The lock core driver (312) has at least one inner arm extending from the inner surface of the inner panel (311) through the receiving hole (101) in the cylindrical housing (10) and being connected to the lock core assembly (20). When a key corresponding to the lock core assembly (20) is inserted into the lock core assembly (20) and is turned, the at least one inner arm of the lock core driver (312) is rotated to rotate the inner panel (311). One implementation of the lock core driver (312) has two inner arms. The two inner arms extend from the inner surface of the inner panel (311) through the receiving hole (101) in the cylindrical housing (10) and are connected to the rock core assembly (20). A key corresponding to the lock core assembly (20) is inserted into the lock core assembly (20) between the two inner arms. Turning the corresponding key simultaneously rotates the inner arms and inner panel (621).

The inner driver (313, 315) has two inner stop portions formed on the outer surface of the inner panel (311) on the imaginary inner circle (C11) on the inner panel (311) and being symmetric relative to the second axis (L12), and may be implemented in several ways.

With reference to FIGS. 1 and 2, a first implementation of the inner driver (313) includes two inner protruding sections (313A). The inner protruding sections (313A) are formed on the outer surface of the inner panel (311), on the imaginary inner circle (C11) on the inner panel (311), above the first axis (L11) and symmetric relative to the second axis (L12). The two inner stop portions are formed respectively on the protruding sections (313A).

With reference to FIGS. 4, 6 and 8, a second implementation of the inner driver (315) is one piece and has a major semicircular body and a minor semicircular body. The major semicircular body is formed on the outer surface of the inner panel (311) above the first axis (L11), forms an upper semicircular track (319B) between the major semicircular body and the receiving hole (101) and has two shoulders. The shoulders align with the imaginary inner circle (C11) on the inner panel (311) above the first axis (L11) and are symmetric relative to the second axis (L12). The minor semicircular body extends downward between the shoulders. The two inner stop portions are formed respectively on the shoulders of the major semicircular body.

The outer driver (314, 318) has two outer stop portions formed on the outer surface of the inner panel (311), on the imaginary outer circle (C12) on the inner panel (311) and being symmetric relative to the second axis (L12), and may be implemented in several ways.

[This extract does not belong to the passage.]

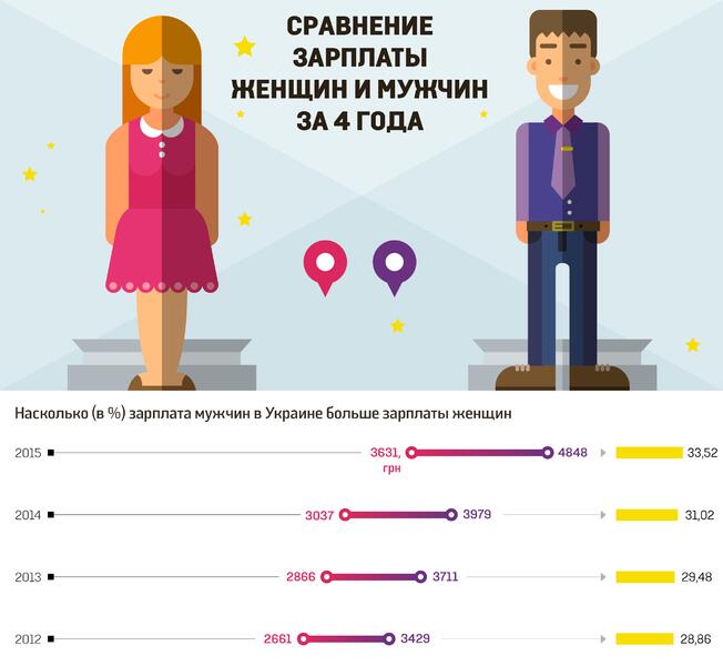 В частности, женщины в Украине по итогам прошедшего года получали в среднем 3631 грн, в то время как мужчины — 4848 грн (средняя зарплата на одного штатного работника; выборка по предприятиях, у которых в штате — больше 10 человек).
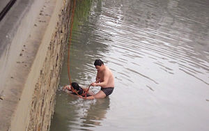 林先生稱,當時他跳入河后發(fā)現(xiàn)河邊雖然很淺,但河中間卻比較深,他根本夠不著底。幸虧輕生女子衣服穿得很多,漂浮在水面上,他游過去將其拉至岸邊,由于河邊的圍墻有三四米高,及時趕到的警察拋下繩子和救生圈,輕生女子被眾人拉了上來。

With reference to FIG. 2, a first implementation of the outer driver (314) includes two outer protruding sections (314A). The outer protruding sections (314A) are formed on the outer surface of the inner panel (311), on the imaginary outer circle (C12) on the inner panel (311), below the first axis (L11) and symmetric relative to the second axis (L12). The two outer stop portions are formed respectively on the outer protruding sections (314A).

With reference to FIGS. 6 and 8, a second implementation of the outer driver (318) is a semicircular ring, is one piece, is formed below the first axis (L11), forms a lower semicircular track (319A) between the minor semicircular body and the semicircular ring and has two ends located on the imaginary outer circle of the inner panel and symmetric relative to the second axis (L12). The two stop portions are formed respectively on the ends of the semicircular ring.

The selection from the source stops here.